MIT Researchers Streamline Multi-Material Printing

A new piece of software could improve 3D printing by making multi-material prints easier to create.

Although printers capable of creating multi-material 3D objects have been around for a while, the software that takes your model and turns it into a print has been slow and hard to use. In an effort to make multi-material 3D printing faster and easier, researchers at MIT’s Computer Science and Artificial Intelligence Lab (CSAIL) have created “OpenFab: A Programmable Pipeline for Multi-Material Fabrication”.

One of the biggest issues when printing complex surfaces has always been the fact that, before a model makes it to the printer, it has to be digested by software that can turn terabytes of geometric data into printer readable code. In the past, printers didn’t begin their work until the entire print job had been resolved.  That can lead to a monstrous backlog.

To solve this problem Kiril Vidimče, and his team at CSAIL, have created a software package that can stream data to the printer on-demand. This means that as regions of a model are resolved they can be printed without having to wait for the entire model to be completed.

"Our software pipeline makes it easier to design and print new materials and to continuously vary the properties of the object you are designing," explained Vidimče. "In traditional manufacturing most objects are composed of multiple parts made out of the same material.
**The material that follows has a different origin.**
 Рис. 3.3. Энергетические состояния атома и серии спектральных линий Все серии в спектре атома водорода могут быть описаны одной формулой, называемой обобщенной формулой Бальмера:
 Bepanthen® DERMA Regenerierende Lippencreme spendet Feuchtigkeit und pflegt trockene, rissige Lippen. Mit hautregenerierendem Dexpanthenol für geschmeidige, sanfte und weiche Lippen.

With OpenFab, the user can change the material consistency of an object, for example designing the object to transition from stiff at one end to flexible and compressible at the other end."
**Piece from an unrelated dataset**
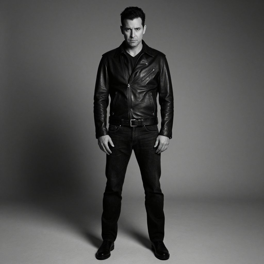 A confident man stands facing the camera wearing a classic black leather jacket and dark jeans, set against a plain grey background. The monochromatic style and straightforward pose highlight a timeless, edgy fashion aesthetic.
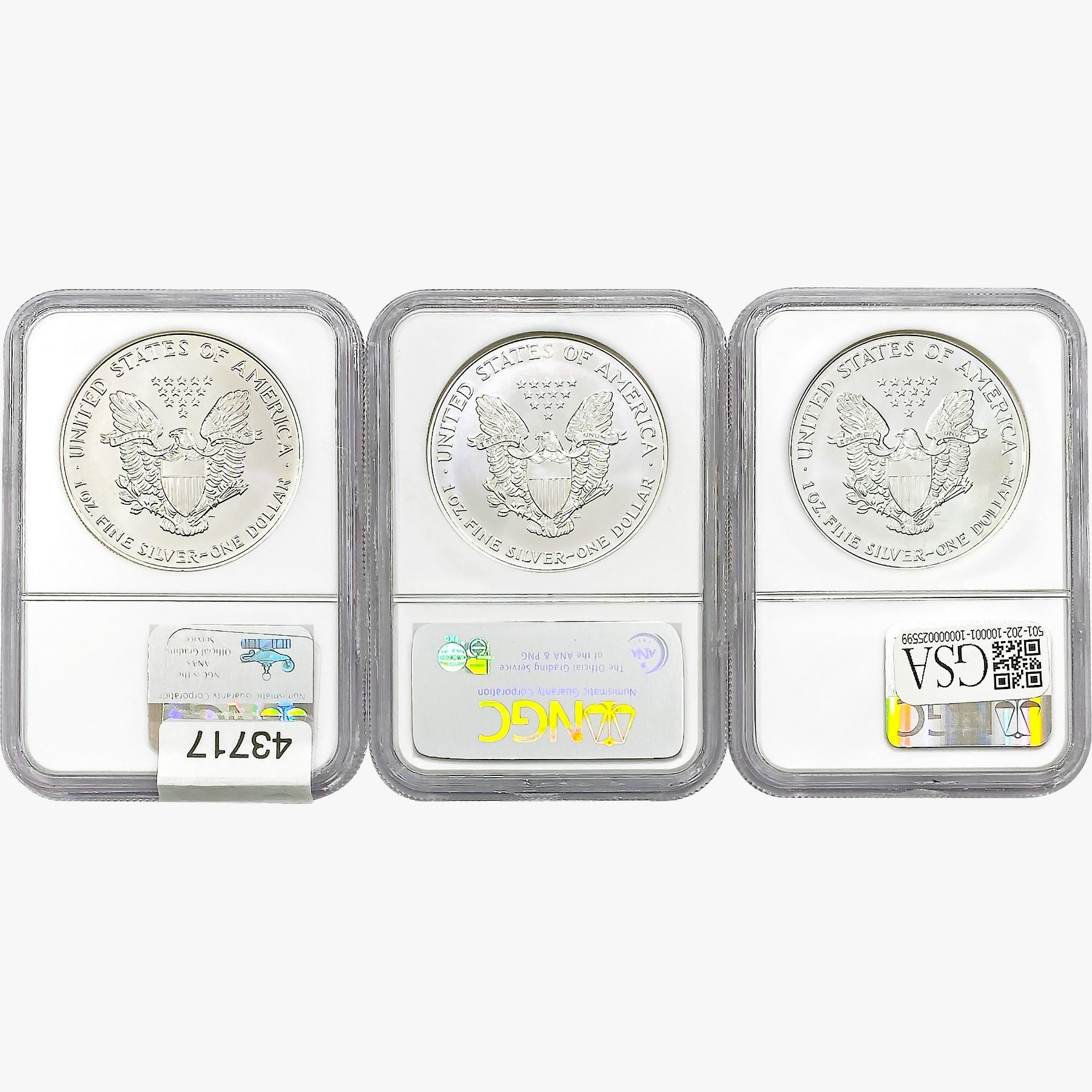 e. Coins sold referencing a third-party grading service are sold “AS IS” without any express or implied warranty, except for a guarantee by GSA that they are genuine. Removal or alteration of the holder, voids all of Bidder’s claims concerning that Product. Certain warranties may be available from the grading services and Bidders are referred to them for further details: Numismatic Guaranty Corporation (NGC), PO Box 4776, Sarasota, FL 34230, www.ngccoin.com/services/writtenguarantee.asp; Professional Coin Grading Services (PCGS), PO Box 9458, Newport Beach, CA 92658, www.pcgs.com/guarantee.html; ANACS, 6555 S. Kenton St., Ste. 303, Englewood, CO 80111; and Independent Coin Grading Co. (ICG), 7901 East Bellview, Ave., Suite 50, Englewood, CO 80111.

In addition to their pipeline software, the team also created a new methodology for producing a near infinite number of complex material arrangements in a single model. Called Spec2Fab, the algorithm replaces the old method of manually selecting a material for each region on a print and replaces it with a “reducer tree” system to determine the best material composition for a model.

Later today, the MIT team will present their paper at SIGGRAPH and will show off some of the remarkable models they’ve created using their new 3D printing algorithms.